In Ross’ ruling in response to the city’s summary judgment motion, he wrote that the U.S. Supreme Court has ruled that “aesthetic considerations constitute a legitimate government purpose,” and therefore the Duffners failed to prove the ordinance was “arbitrary, capricious” and also failed to prove that it was not “rationally related” to a legitimate government purpose.
The couple argued they had a right to use their “private property in a harmless, lawful manner of the owner’s choosing” and “exclude unwanted persons and things from private property,” Ross wrote. Ross said that claim was too general, and if accepted, could subject “many, if not all, zoning laws … to heightened judicial scrutiny.”

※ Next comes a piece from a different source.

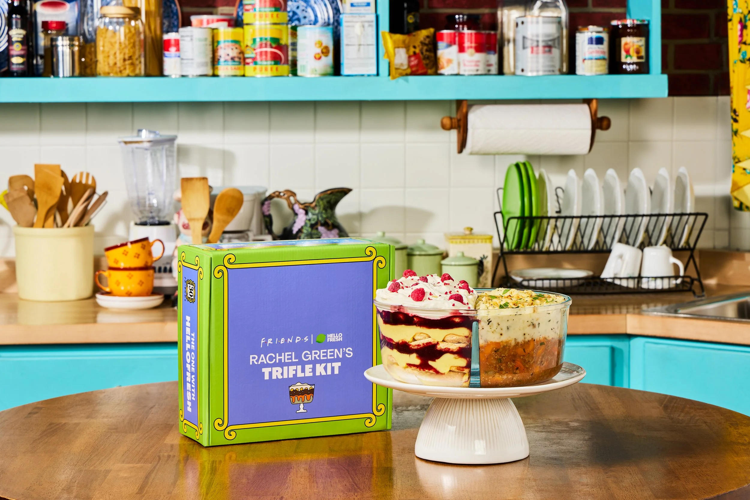 In 2024, HelloFresh partnered with Warner Bros. to recreate Rachel's legendary trifle from the beloved Friends Thanksgiving episode, celebrating the show's 30th anniversary. While Rachel accidentally combined her English trifle recipe with shepherd's pie (creating the infamous beef, peas, and onions disaster), we separated the two recipes so customers could enjoy both the proper English trifle and a delicious shepherd's pie.

Ross ruled that the potential punishment was not excessive. He also declined to consider several state law claims, saying that some of the issues had already been “extensively litigated and decided by Missouri state courts” in a prior state lawsuit, and other issues, including zoning, were better left for state courts to consider.
Dave Roland, a Freedom Center of Missouri lawyer representing the Duffners, vowed to appeal.
“If a city can compel citizens to devote half of their property to growing a plant that the citizen does not want and that makes them sick, there is no longer any principled limit to the government’s control over private property,” he said in a statement.
The Duffners bought their house at 1 Fishers Hill Drive in 2002 and began planting flowers, trees and ground cover on the dirt and weed-covered lot. They now have planting beds, mulched areas, two small ponds, paths and seating areas.
In 2014, after someone complained, they received a letter from the city saying they had violated a 2008 city ordinance requiring at least 50 percent “turf grass.”
The St. Peters Board of Adjustment has since granted a variance reducing their grass requirement to 5 percent in the front or side yard, but Janice Duffner told the Post-Dispatch in 2016 that that would still mean 849 square feet of grass.